I wonder what are the conditions/options for disabling FPI. I kinda
assume it'd apply to new drives with 4k sectors, with properly aligned
partitions etc. But I haven't seen any particularly clear confirmation
that's correct.

If we really wanted to do this - but I don't think we do - I'd argue for
working on the buildsystem support to build the postgres binary multiple
times, for 4, 8, 16 kB BLCKSZ and having a wrapper postgres binary that just
exec's the relevant "real" binary based on the pg_control value. I really
don't see us ever wanting to make BLCKSZ runtime configurable within one
postgres binary. There's just too much intrinsic overhead associated with
that.

How would that work for extensions which may be built for a particular
BLCKSZ value (like pageinspect)?

regards

--
Tomas Vondra
EnterpriseDB: http://www.enterprisedb.com
The Enterprise PostgreSQL Company

#15Bruce Momjian
bruce@momjian.us
In reply to: Tomas Vondra (#14)
Re: Initdb-time block size specification

On Fri, Jun 30, 2023 at 11:42:30PM +0200, Tomas Vondra wrote:

On 6/30/23 23:11, Andres Freund wrote:

Hi,

...

I suspect you're going to see more benefits from going to a *lower* setting
than a higher one. Some practical issues aside, plenty of storage hardware
these days would allow to get rid of FPIs if you go to 4k blocks (although it
often requires explicit sysadmin action to reformat the drive into that mode
etc). But obviously that's problematic from the "postgres limits" POV.

I wonder what are the conditions/options for disabling FPI. I kinda
assume it'd apply to new drives with 4k sectors, with properly aligned
partitions etc. But I haven't seen any particularly clear confirmation
that's correct.

I don't think we have ever had to study this --- we just request the
write to the operating system, and we either get a successful reply or
we go into WAL recovery to reread the pre-image. We never really care
if the write is atomic, e.g., an 8k write can be done in 2 4kB writes 4
2kB writes --- we don't care --- we only care if they are all done or
not.

For a 4kB write, to say it is not partially written would be to require
the operating system to guarantee that the 4kB write is not split into
smaller writes which might each be atomic because smaller atomic writes
would not help us.

--
Bruce Momjian <bruce@momjian.us> https://momjian.us
EDB https://enterprisedb.com

Only you can decide what is important to you.

#16Andres Freund
andres@anarazel.de
In reply to: Tomas Vondra (#9)
Re: Initdb-time block size specification

Hi,

On 2023-06-30 23:27:45 +0200, Tomas Vondra wrote:

On 6/30/23 23:11, Andres Freund wrote:

...

If we really wanted to do this - but I don't think we do - I'd argue for
working on the buildsystem support to build the postgres binary multiple
times, for 4, 8, 16 kB BLCKSZ and having a wrapper postgres binary that just
exec's the relevant "real" binary based on the pg_control value. I really
don't see us ever wanting to make BLCKSZ runtime configurable within one
postgres binary. There's just too much intrinsic overhead associated with
that.

I don't quite understand why we shouldn't do this (or at least try to).

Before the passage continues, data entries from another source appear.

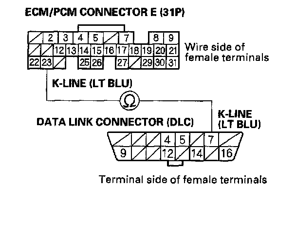 NO - Repair open in the wire between DLC terminal No.7 and the ECM/PCM (E23). After repairing the wire, check for a DTC with the Honda PGM Tester or the HDS, then go to the DTC Troubleshooting index. Diagnostic Trouble Code Descriptions
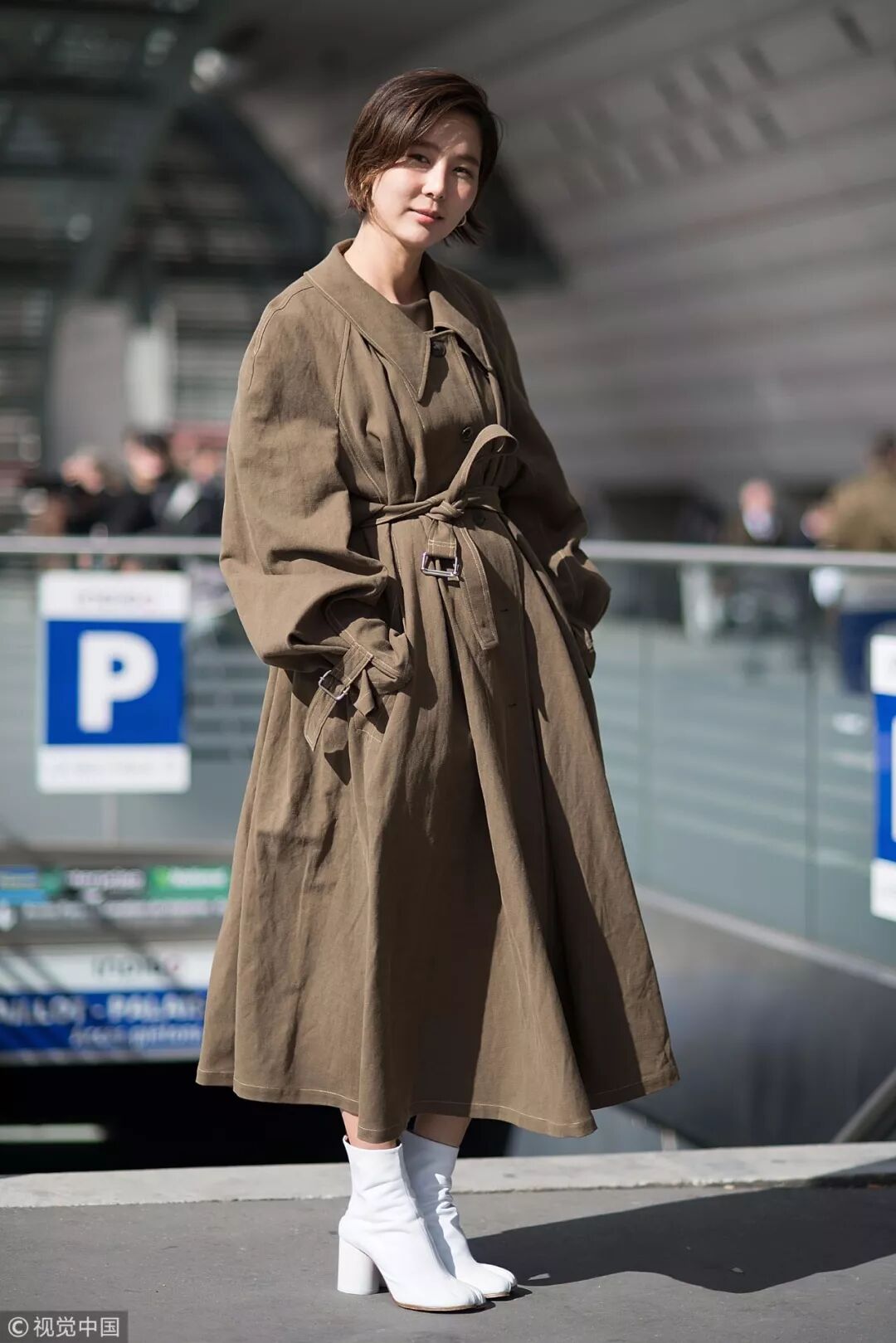 Margiela白色分趾高跟短靴,收腰的腰帶給這身文藝復古的造型增加了時尚分,也起到了拉長腰身的效果。
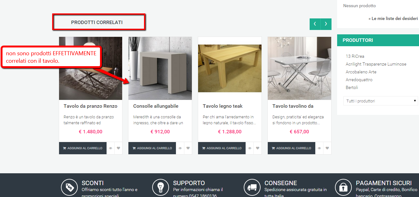 E' importante che i prodotti raccomandati/correlati siano effettivamente utili al cross-selling, pertanto devono essere o prodotti simili oppure prodotti complementari (nel caso del tavolo potrebbero essere le sedie).
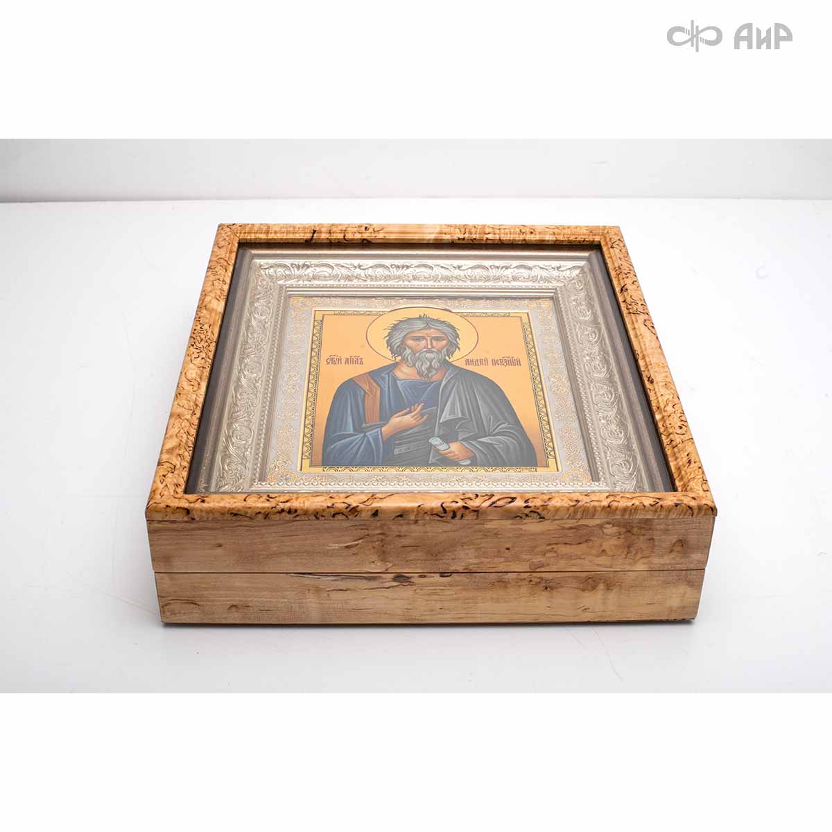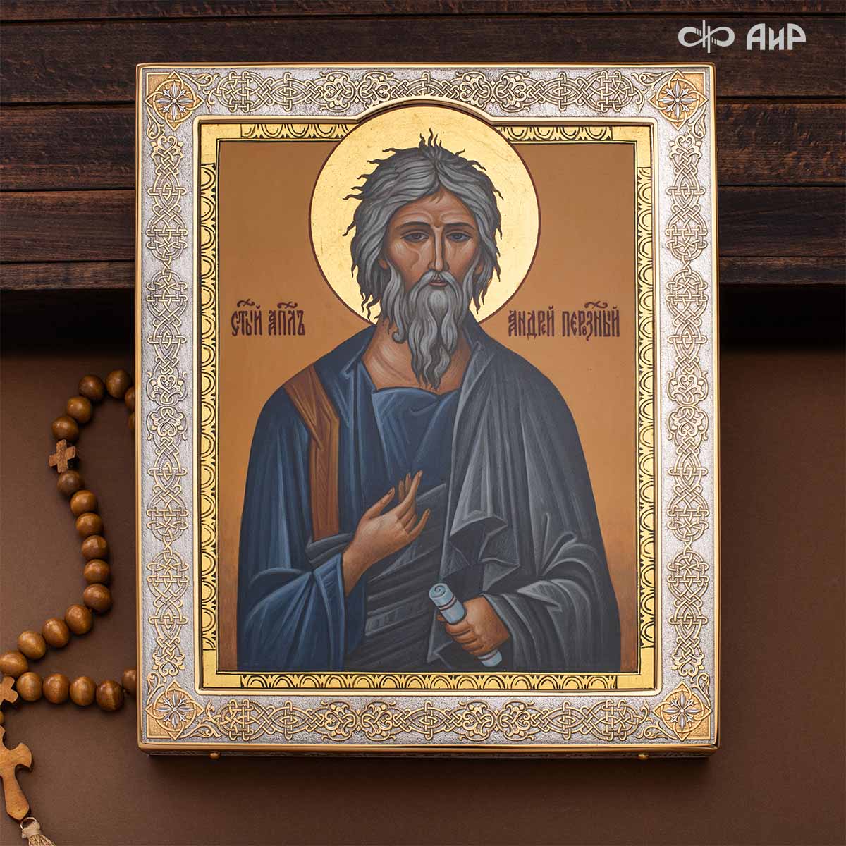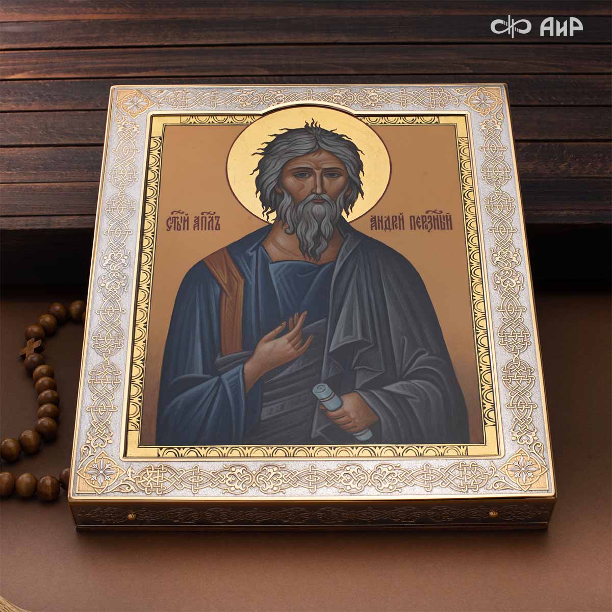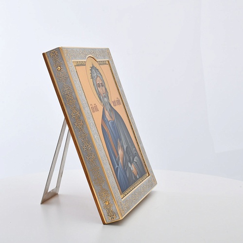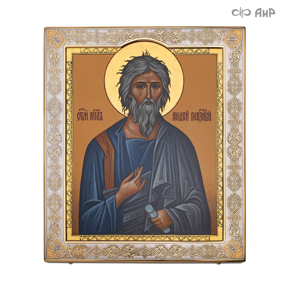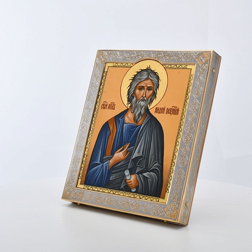 Оклад и киот иконы с любовью и мастерством выполнен в Компании «АиР» г. Златоуст. Покрытый золотом высшей пробы (999,9°) толщиной 1 микрон, оклад идеально дополняет образ Святого апостола, подчеркивая его Божественное значение и вечную ценность. Эта икона станет не только предметом поклонения, но и символом духовного просвещения и надежды для каждого, кто обратится к Святому апостолу Андрею Первозванному.
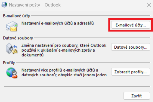 4) Objeví se následující dialogové okno. Klikněte na E-mailové účty.
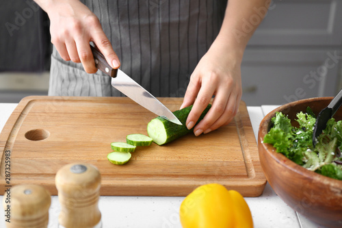 Woman cutting fresh cucumber at table, closeup
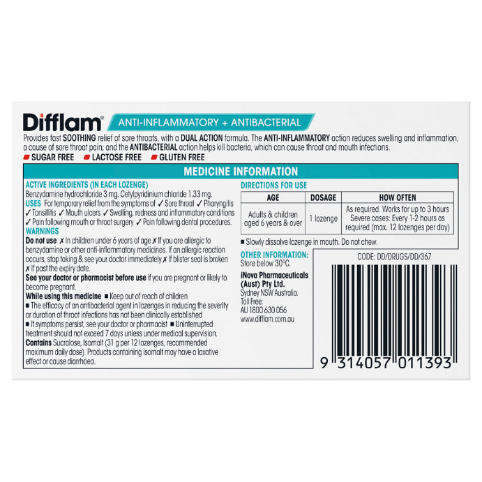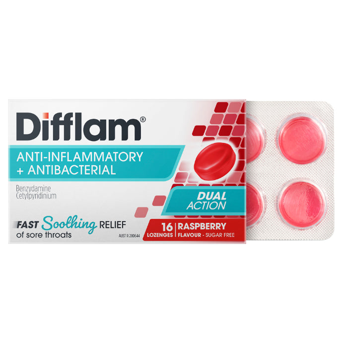 Difflam Sore Throat Lozenges Raspberry Flavour 16 Lozenges
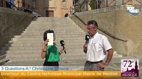 Christophe Ghiena, Ingénieur en Chef Directeur du Centre technique municipal de la Mairie de Menton au micro Nadine sur Radio Top Side. Menton s’apprête à accueillir les plus grands noms de la musique classique pour la 72e édition de son prestigieux festival qui se tiendra Du 31 juillet au 13 août Il se déroulera sur le parvis de la basilique Saint-Michel Archange ou l’on retrouve Christophe Ghiena le Directeur du Centre technique municipal de la Mairie de Menton au micro Nadine sur Radio Top Side....
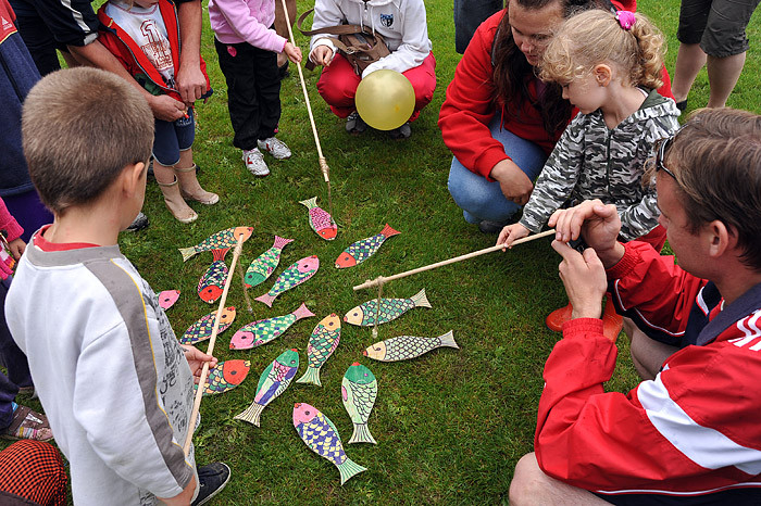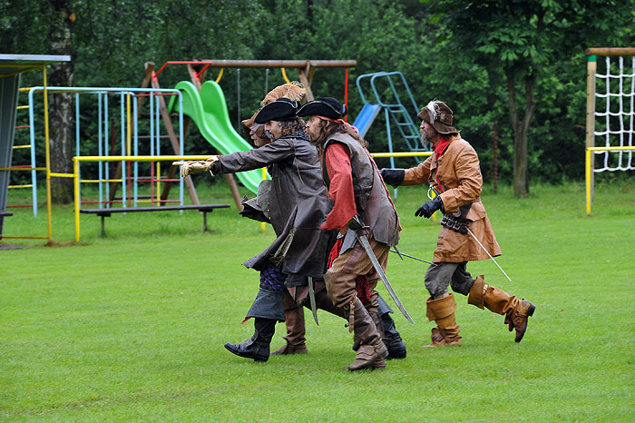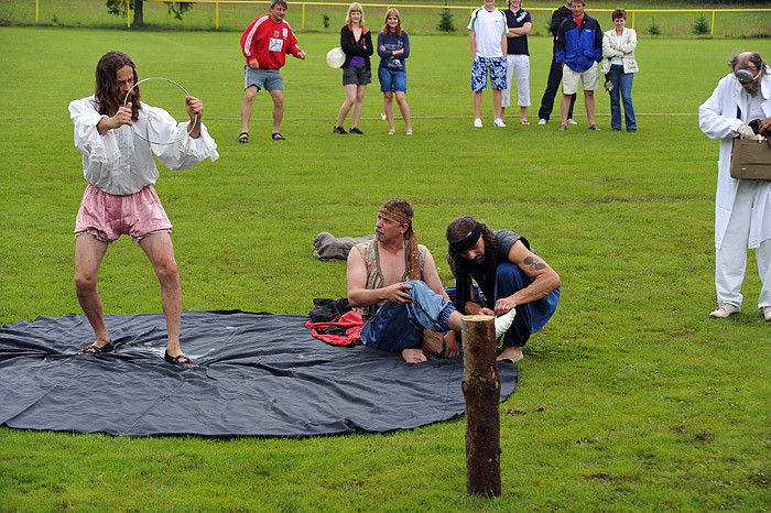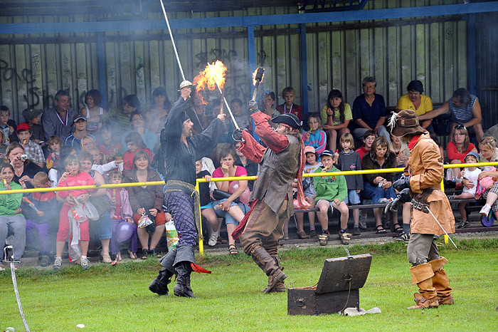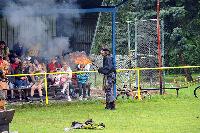 Celé odpoledne děti dováděly ve skákacím hradu, nafukovaly balónky, dokonce je i plnily vodou a ten, kdo nezmokl, stal se jejich cílem. No bylo nám všem docela mokro a chladno. Mezi soutěžemi vystoupila dvakrát skupina historického šermu. Nejprve dětem a ostatním ukázali trochu šermířského umění, poté kejklířské kousky. V druhém vystoupení dokonce došlo na oheň a chůzi po hřebíkové podložce, dokonce se zapojením diváků. Všichni jsme se vrátili o několik set let zpátky a bylo to fajn. Diváci chvílemi ani nedýchali.
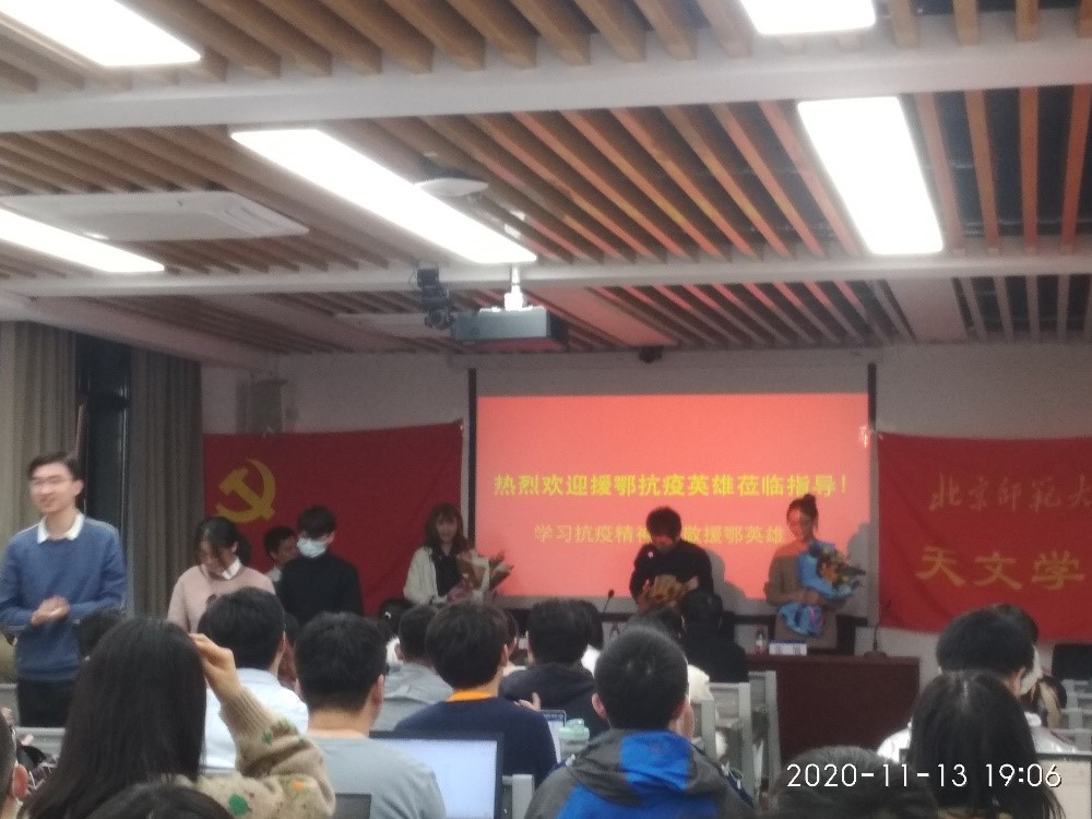 2020年11月21日中午,98色花堂 研究生第十三党支部参加了以“援鄂抗议,同舟共济”为主题的线下宣传教育活动。学习内容是2020年11月13日19:00由我校天文系举办的援鄂抗疫工作分享报告会,会议在98色花堂 南院F座108教室举行。会议邀请了援鄂英雄,北京大学第三医院神经外科医生吴超、北京大学第三医院神经外科护士孙雨,和北京大学第三医院神经外科护士张旭。 北京大学第三医院3批428人驰援湖北 研十三党支部开展“援鄂抗疫,同舟共济”主题教育活动

IMO the benefits of using smaller blocks were substantial (especially
for 4kB, most likely due matching the internal SSD page size). The other
benefits (reducing WAL volume) seem rather interesting too.

Mostly because I think there are bigger gains to be had elsewhere.

IME not a whole lot of storage ships by default with externally visible 4k
sectors, but needs to be manually reformated [1]to see the for d in /dev/nvme*n1; do echo "$d:"; sudo nvme id-ns -H $d|grep '^LBA Format';echo ;done, which looses all data, so it
has to be done initially. Then postgres would also need OS specific trickery
to figure out that indeed the IO stack is entirely 4k (checking sector size is
not enough). And you run into the issue that suddenly the #column and
index-tuple-size limits are lower, which won't make it easier.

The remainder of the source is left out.